Having successfully banned keynote speaker Mohammed Abbou from flying to the Lebanese capital, the Tunis authorities dispatched a gaggle of officials – they were too middle aged and moustachioed to qualify as a gang – to bust up what was left.
With Index on Censorship in the chair, the panel was reduced to two veteran critics of the Tunis state, Neziha Rejiba and Index award winner Sihem Bensedrine, who read the speech that human rights lawyer Abbou had planned to deliver.
The pro-government supporters settled in for the Q&A, initially content to make complex appeals to separate media rights from human rights (not explaining how) and issue sour pronouncements on imperialism and Iraq.
But as it became clear that the chair was going to be taking the scheduled 6.00pm end to the debate seriously, they went for broke, leaping to their feet, waving copies of state-favoured Tunisian newspapers and hurling abuse. To wit, that we are all party to a multi-million dollar CIA backed plot and that the chair would meet the fate of all colonialists when he next stepped foot in Tunisia.
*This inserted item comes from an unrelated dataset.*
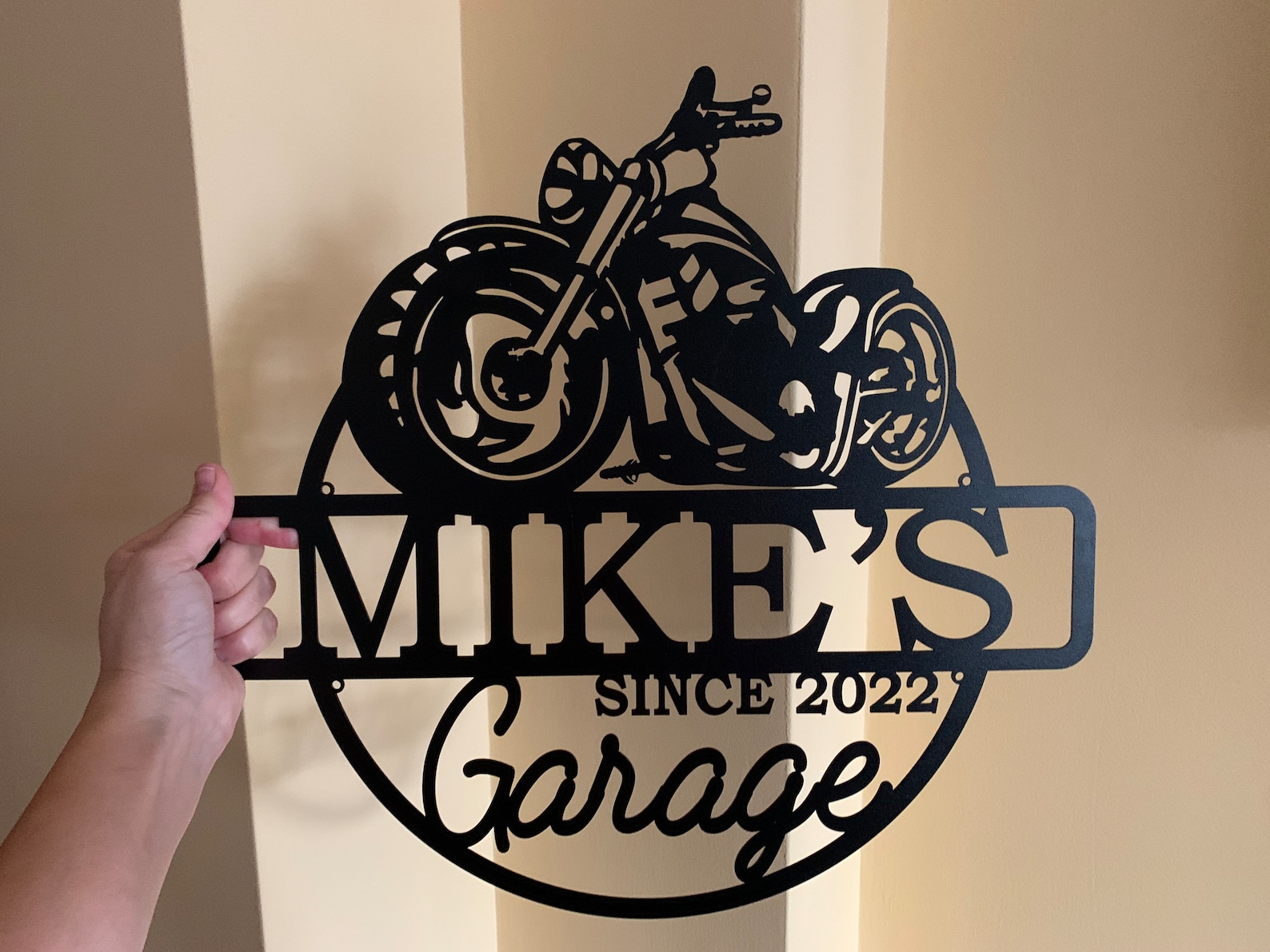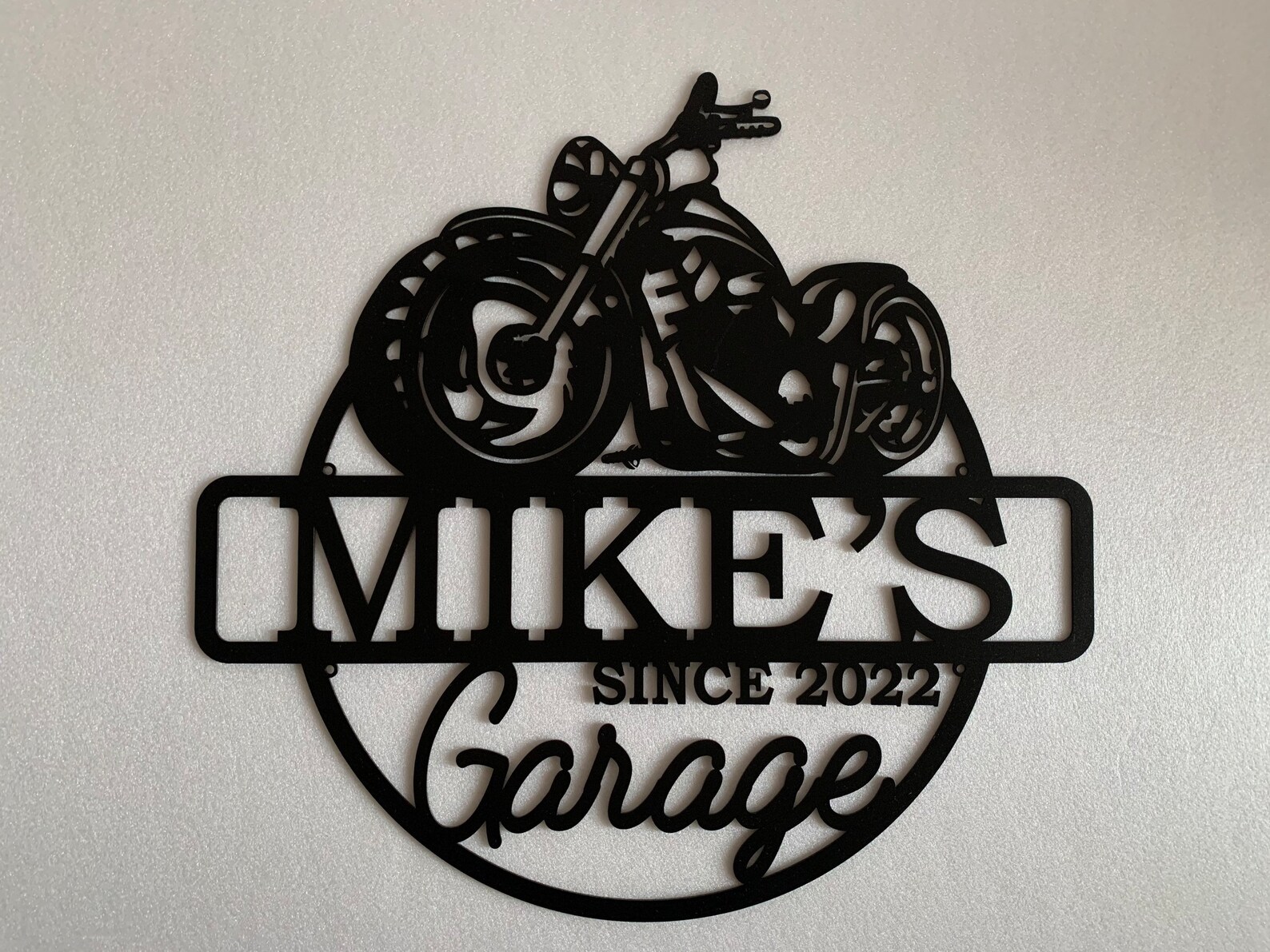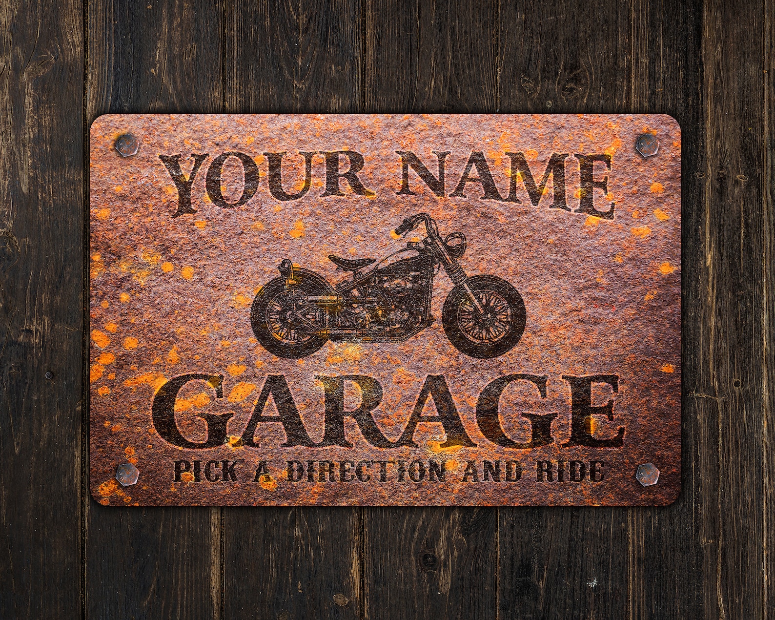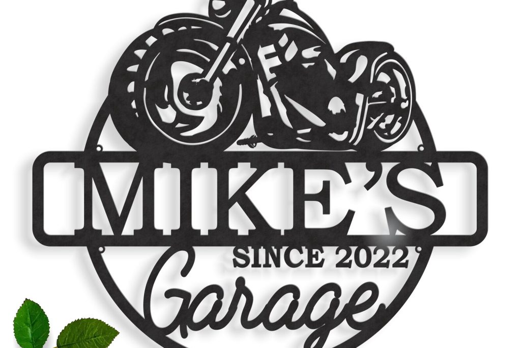 Custom Motorcycle Garage Sign – Personalized Name Metal Plaque

The chair couldn’t speak to the CIA millions except wistfully recall his last credit-crunched pre-Xmas credit card bill and wish it were true. And the fate of all colonialists in Tunisia seems to be the ruthless setting up in a nice hotel adjacent to a lovely beach, with great food and friendly service for two weeks.
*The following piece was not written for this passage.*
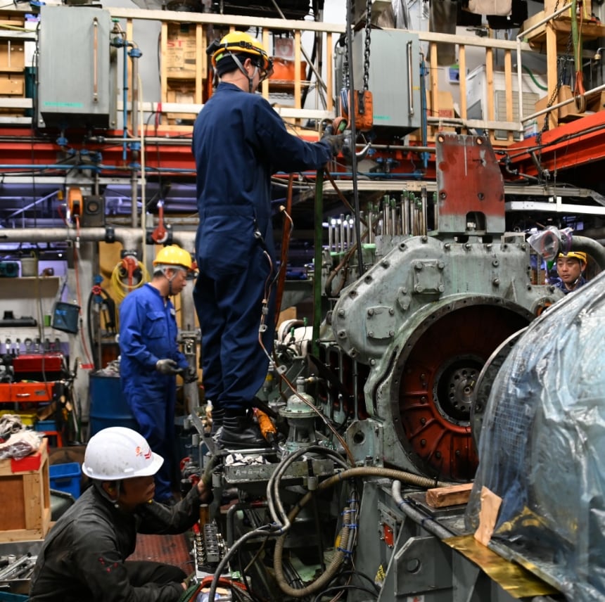 ヤンマーは、こうした過酷な環境下でも電⼒インフラを安定して稼働させるため、発電機の運転‧保守を担う専⾨技術者を現地に派遣し、他の機械担当隊員と協⼒し24時間体制で機器の監視やメンテナンス、トラブル対応を⾏っています。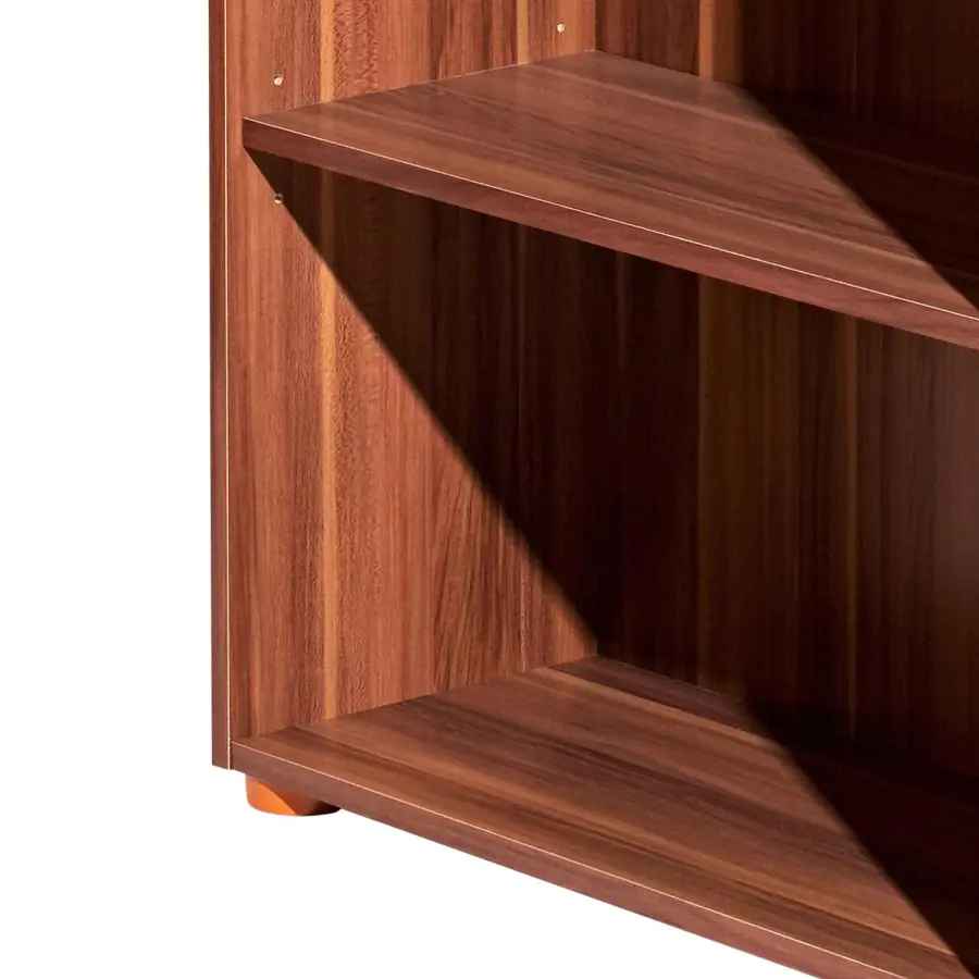 Provedení: Knihovna je vyrobená z laminované dřevotřísky v barevném provedení ořech. Otevřená police disponuje čtyřmi variabilně nastavitelnými policemi. Tato moderní knihovna je díky svému provedení vhodná k využití do všech moderních interiérů. Zboží je dodáváno v demontu.

As ever though, there’s a serious note. Index has spotted Tunisian government sponsored ‘contributors’ at similar events before.
At the Council of Europe in Strasbourg and UNESCO in Paris, in Washington DC and in Geneva in the run up to the World Summit on the Information Society, where agents provocateurs did their utmost to disrupt opposition and free expression groups’ speaking engagements. Many pro-government press commentaries on Tunisian free speech activists read like hate speech.
For the rest of the Arab journalists and publishers at the event, part of the third Arab Free Press Forum in Beirut organised by the World Association of Newspapers and the Beirut daily an-Nahar, the scene was a bit, well, retro. A flashback to the 1970s.
Apart from Zimbabwe, Tunisia is the only country that employs the tactic so regularly. “We don’t like to see this kind of stuff from regime apparatchiks,” said one observer. “I think we all hoped that this kind of behaviour was history.”